- Musaabad Location within Iran
- Coordinates: 32°05′39″N 50°54′10″E﻿ / ﻿32.09417°N 50.90278°E
- Country: Iran
- Province: Chaharmahal and Bakhtiari
- County: Kiar
- District: Kiar-e Sharqi
- Rural District: Kiar-e Bala

Population (2016)
- • Total: 591
- Time zone: UTC+3:30 (IRST)

= Musaabad, Kiar =

Village in Chaharmahal and Bakhtiari province, Iran

Musaabad (موسی‌آباد) (Note: Also romanized as Moosa Abad, Mūsáābād, and Mūsīābād; also known as Mūsá) is a village in Kiar-e Bala Rural District of Kiar-e Sharqi District in Kiar County, Chaharmahal and Bakhtiari province, Iran.

==Demographics==
===Ethnicity===
The village is populated by Lurs.

===Population===
At the time of the 2006 National Census, the village's population was 607 in 145 households, when it was in Kiar-e Sharqi Rural District (Note: Formerly Dastgerd Rural District) of the former Kiar District in Shahrekord County.

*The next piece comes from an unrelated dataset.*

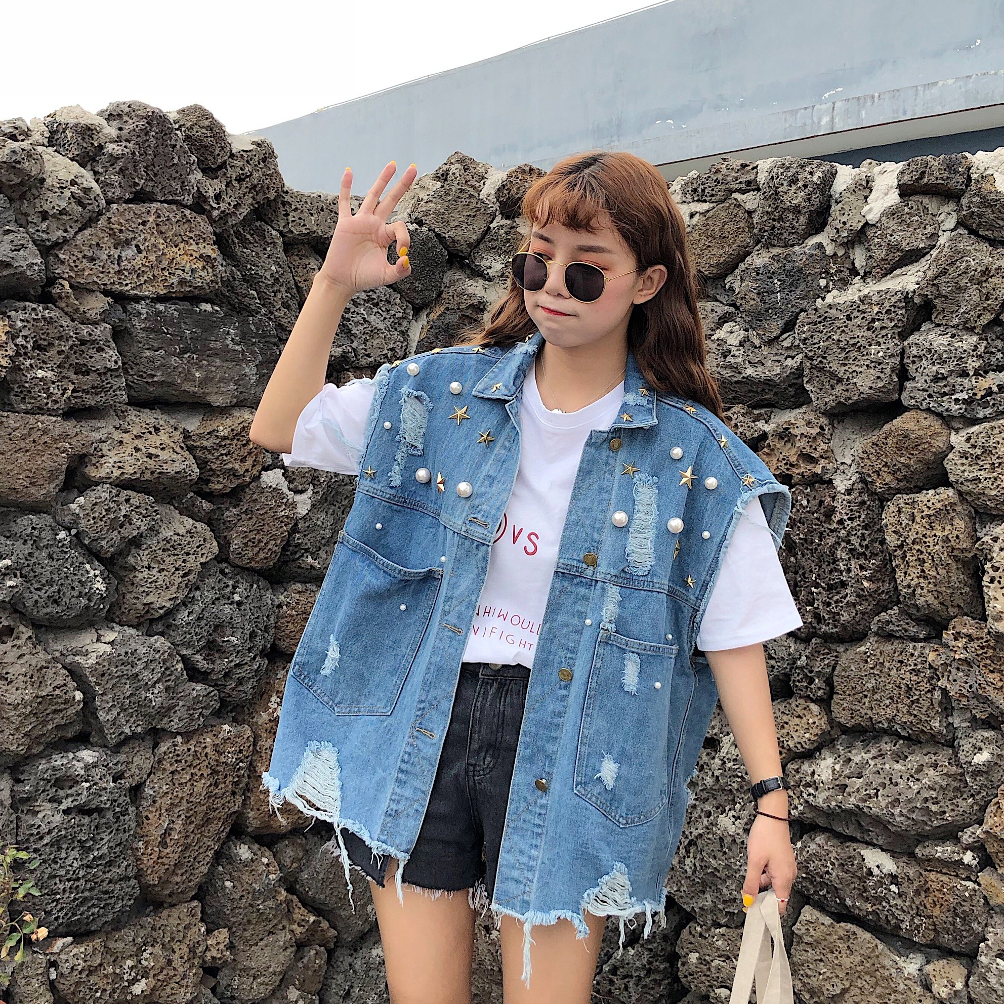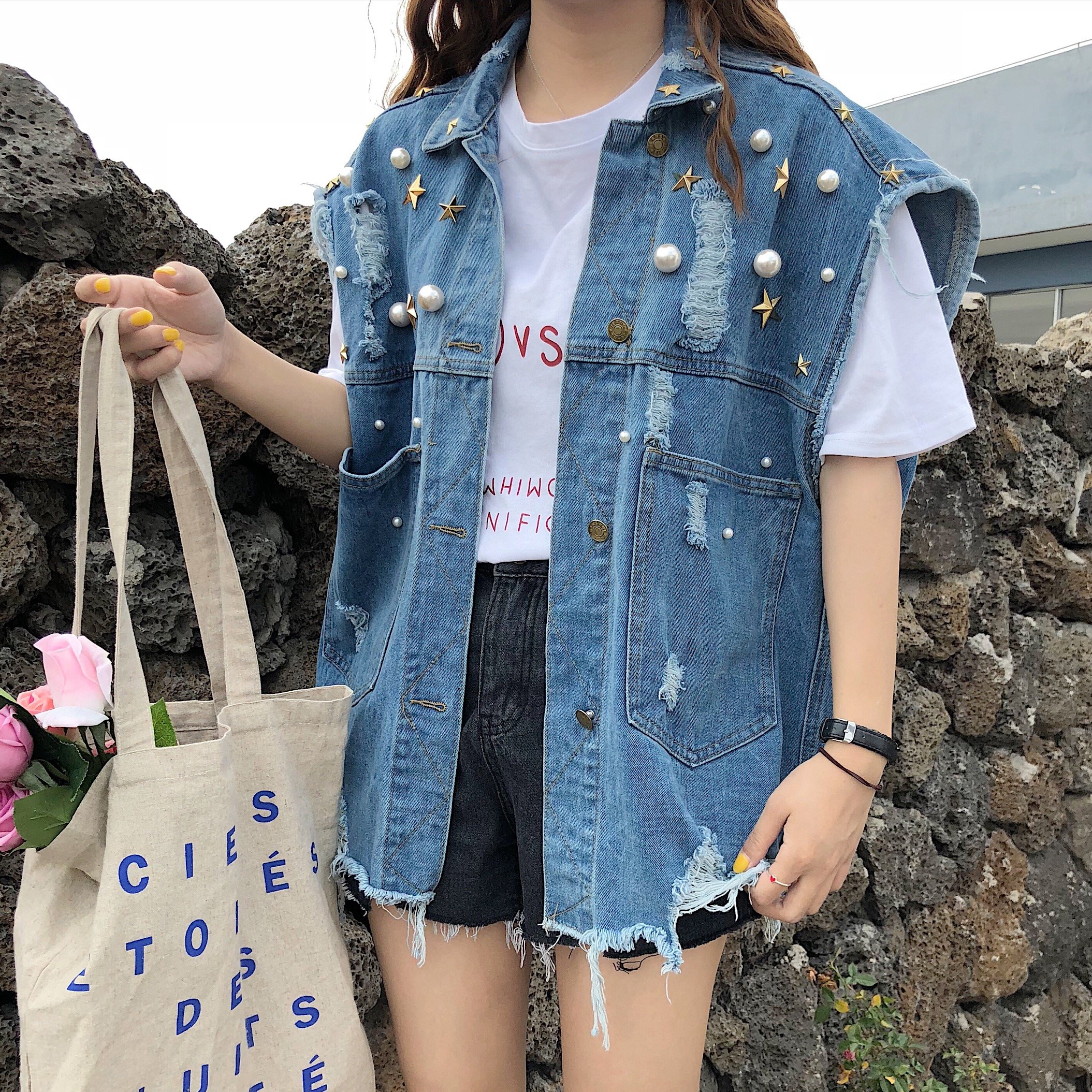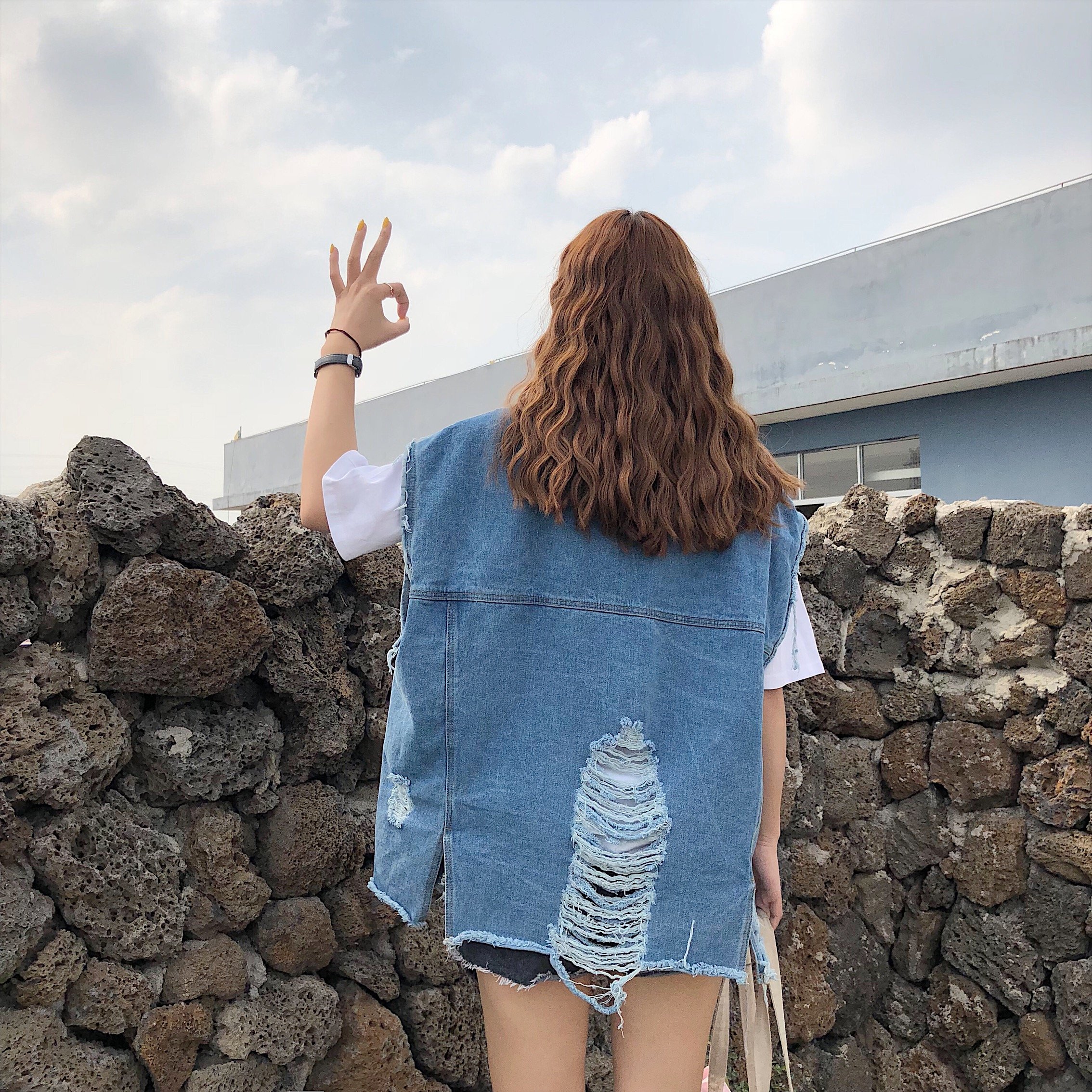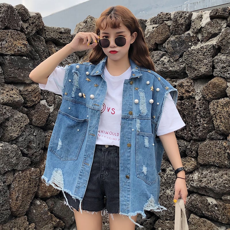 This sleeveless ripped denim jean jacket looks super cool with t-shirts.
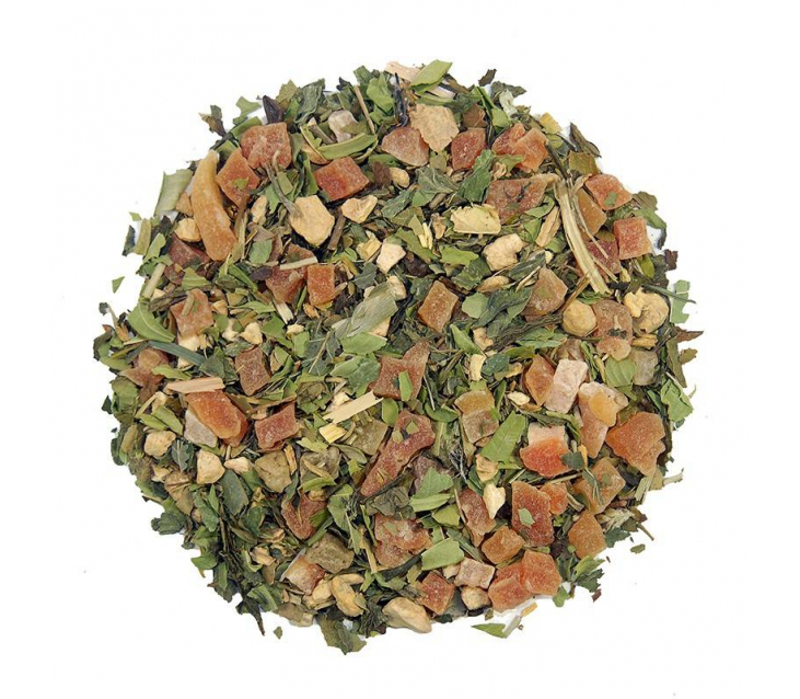 Склад: шматочки папайї (папайя, цукор) (44%), шматочки імбиру, мате, м'ята перцева, лимонна вербена, розмарин, зелений чай, лимонний мирт, шматочки ананасу (ананас, цукор), корінь солодки, ароматизатори, насіння гуарани

The following census in 2011 counted 633 people in 184 households, by which time the district had been separated from the county in the establishment of Kiar County. The rural district was transferred to the new Central District. The 2016 census measured the population of the village as 591 people in 179 households.

In 2023, the rural district was separated from the district in the formation of Kiar-e Sharqi District. Musaabad was transferred to Kiar-e Bala Rural District created in the new district.